This post is by Elizabeth Huang.
Elizabeth works on the Publicity team. On the rare occasions she’s allowed to leave the law library, she can be found at the Maypole trying to understand new-fangled things like mobile telephones.
“This is what art is” – wrote Laura in her lovely post last week – “a narrative of noticing that allows others to notice too”. Notes too, has its own narrative of noticing – of selecting, curating, arranging. Each issue, we present material to be noted and I like to think that Notes can facilitate noticing in the same spirit as a work of art or piece of writing. ‘Notes on Noticing’ is thus a kind of homecoming, a reflection upon, and return to, what we ourselves do in the process of creating each issue.
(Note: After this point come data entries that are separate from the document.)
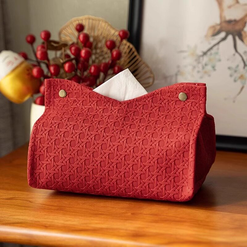 喜庆红色抽纸盒结婚摆件纸巾客厅餐厅桌面收纳盒办公室台面编织
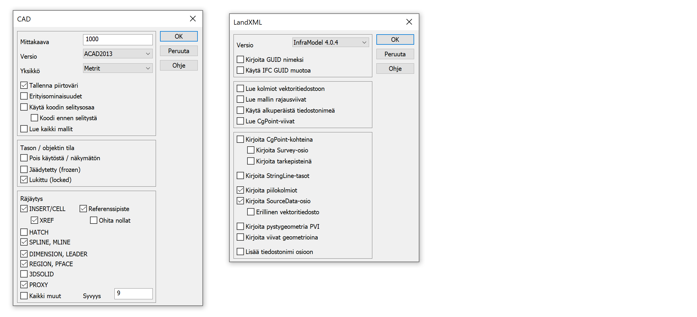 Yleisiä formaatteja: LandXML, DXF
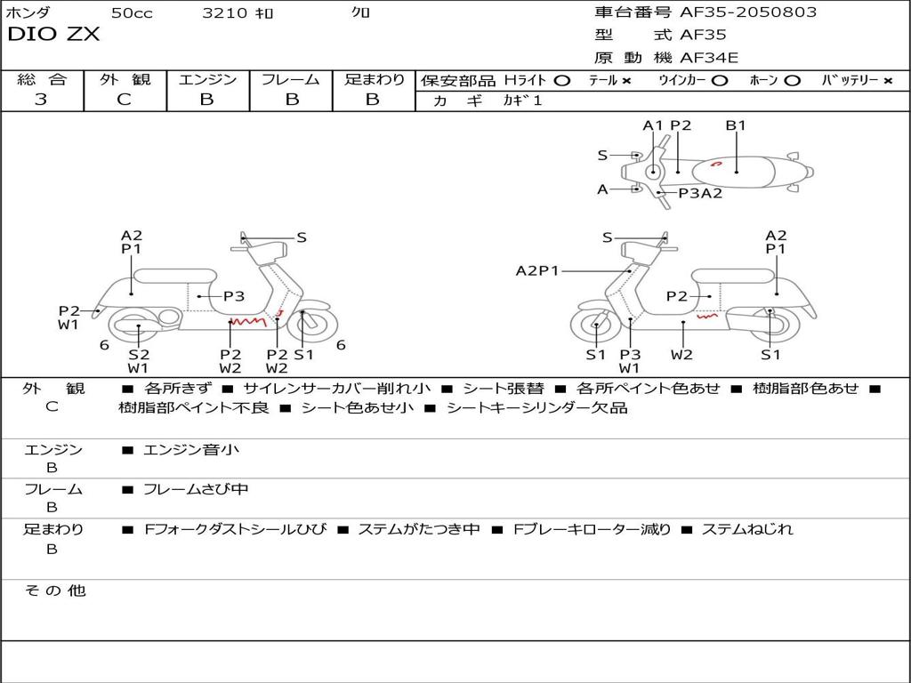 | Номер рамы / VIN | AF35-2050803 |
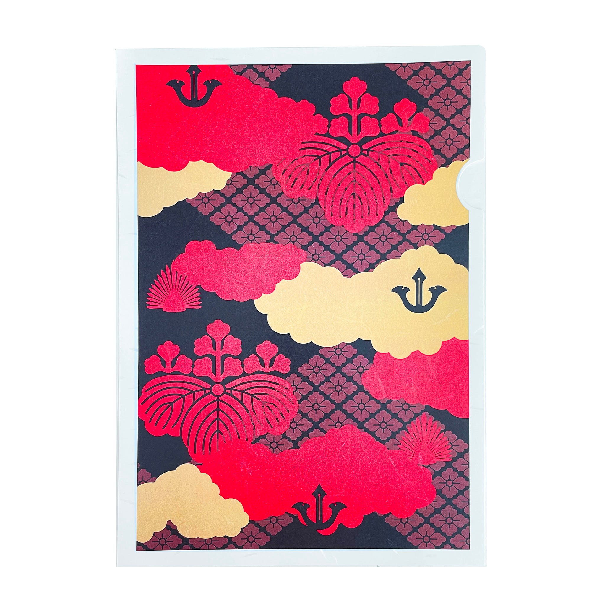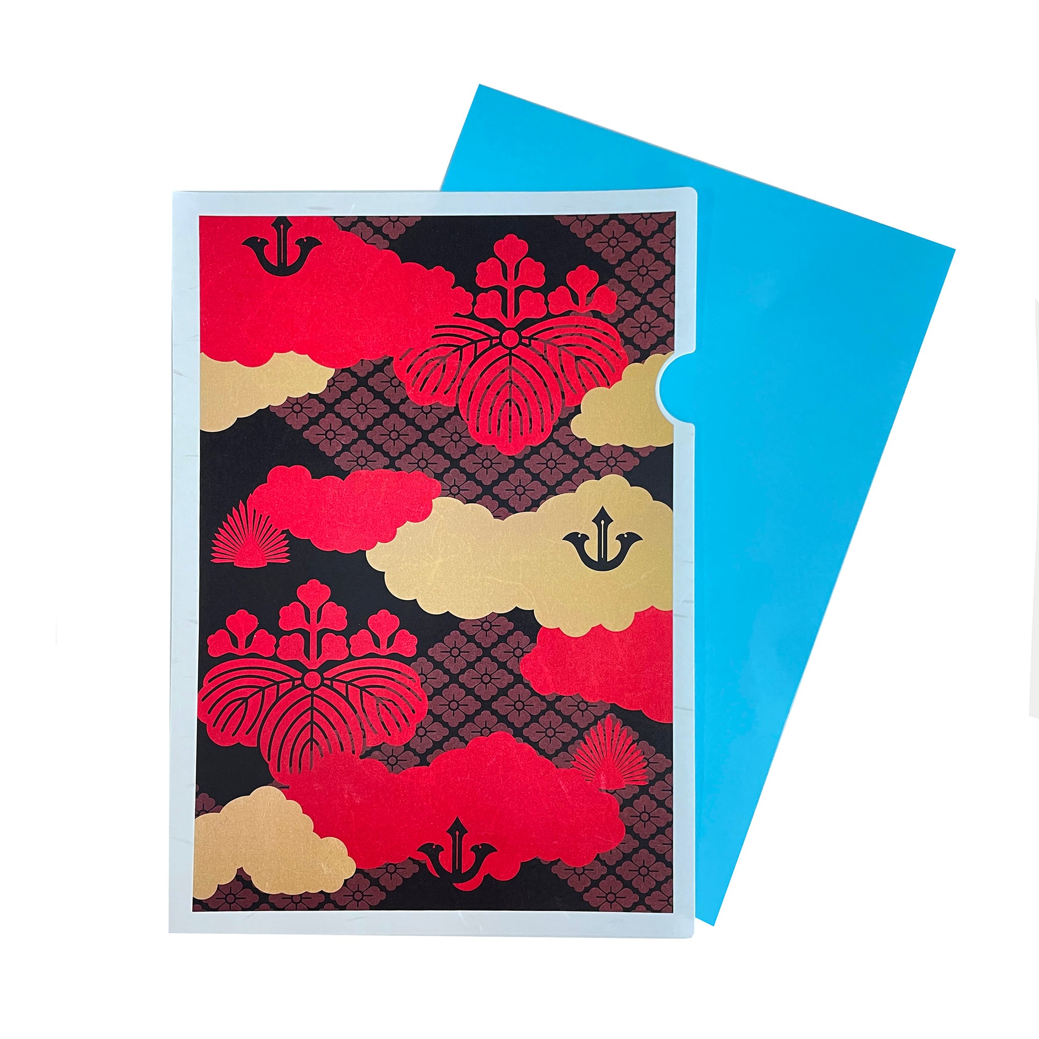 本品は、秀長にゆかりの深い家紋や兜の前立てをデザインに取り入れ、和紙の風合いと調和する色調で仕立てた和紙ファイルです。
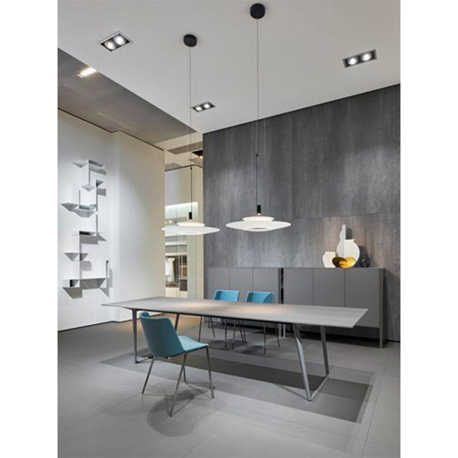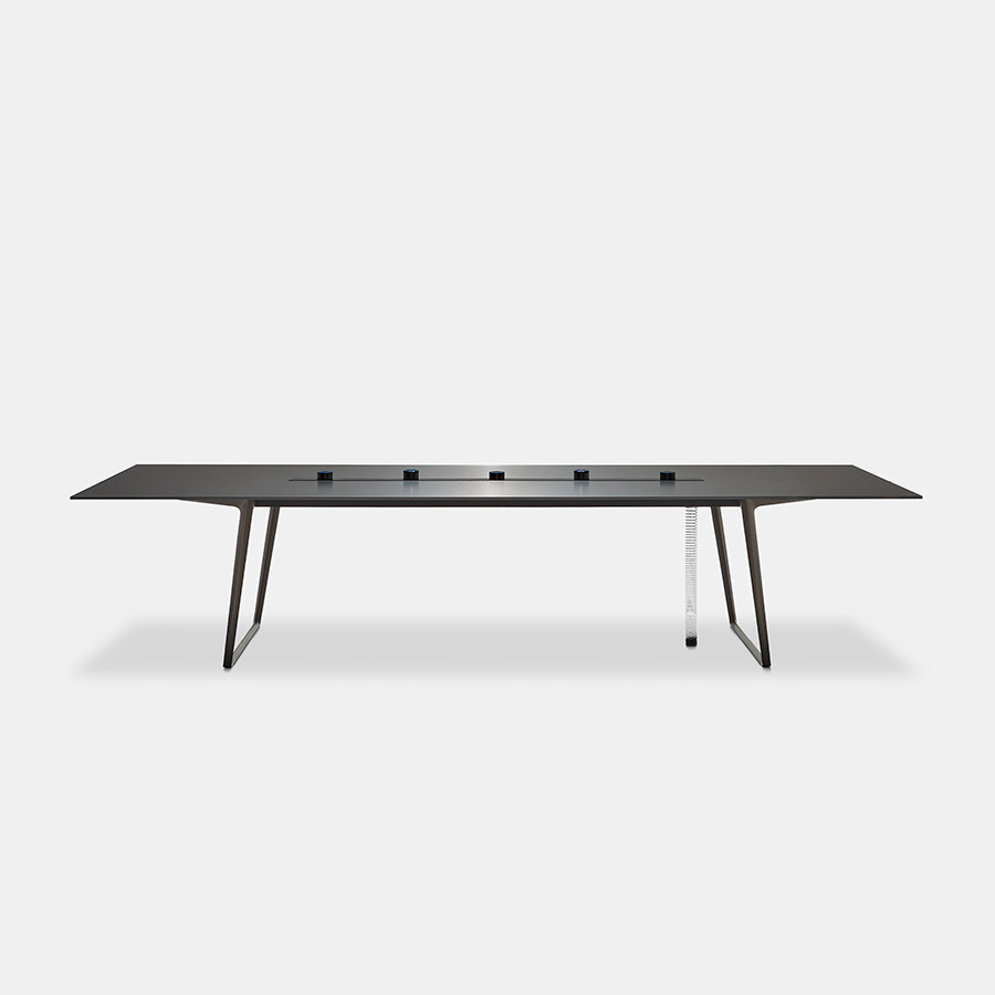Claudio BelliniLa ligereza combinada con la percepción dinámica de la suspensión es el tema desarrollado por el diseño del nuevo sistema de mesa Axy. Una arquitectura básica en la que el diseño original de los dos puentes estructurales, completamente de aluminio, recompone las tensiones y líneas de resistencia con una eficacia expresiva.

In some ways, the act of noticing is a paradoxical one. Noticing requires un-noticing: to notice something demands a selective gaze. Rani Rachavelpula’s “twelve tolls of the church bell”, Anju Gaston’s “five pounds’ worth of twenty pence pieces”, Tom Pryce’s “earthy caramel pebbles” – all these are details, imagined perhaps, but chosen nonetheless. We do not know what else there was. Noticing is at once a process of recording down, and a process of forgetting. You focus your attention on a detail (a brushstroke, a line, a simile, a moment) and the rest recedes into the background.
At Notes, we find ourselves faced with this tension – what do we select? What do we leave out? How do we challenge and disrupt our own habits of noticing? Inevitably, every issue of Notes must be a fragment – a mere sliver of material, which we have carved out from our own (fallible and imperfect) noticing. But we accept that something is always lost in this translation between the eye which sees, and the I which interprets. Part of our work, I think, is to learn to notice that which the eye sees and does not instinctively like.
Noticing is a mindful thing, and ‘Notes on Noticing’ invites you to partake of its stillness: the pause at the end of a poem’s reading-out, the white margin surrounding an artwork. These are the moments which allow us to notice – “emptiness is another form of art”, writes Jamie Hancock – in these moments, our own narrative of noticing lies blank, and waits patiently to be written.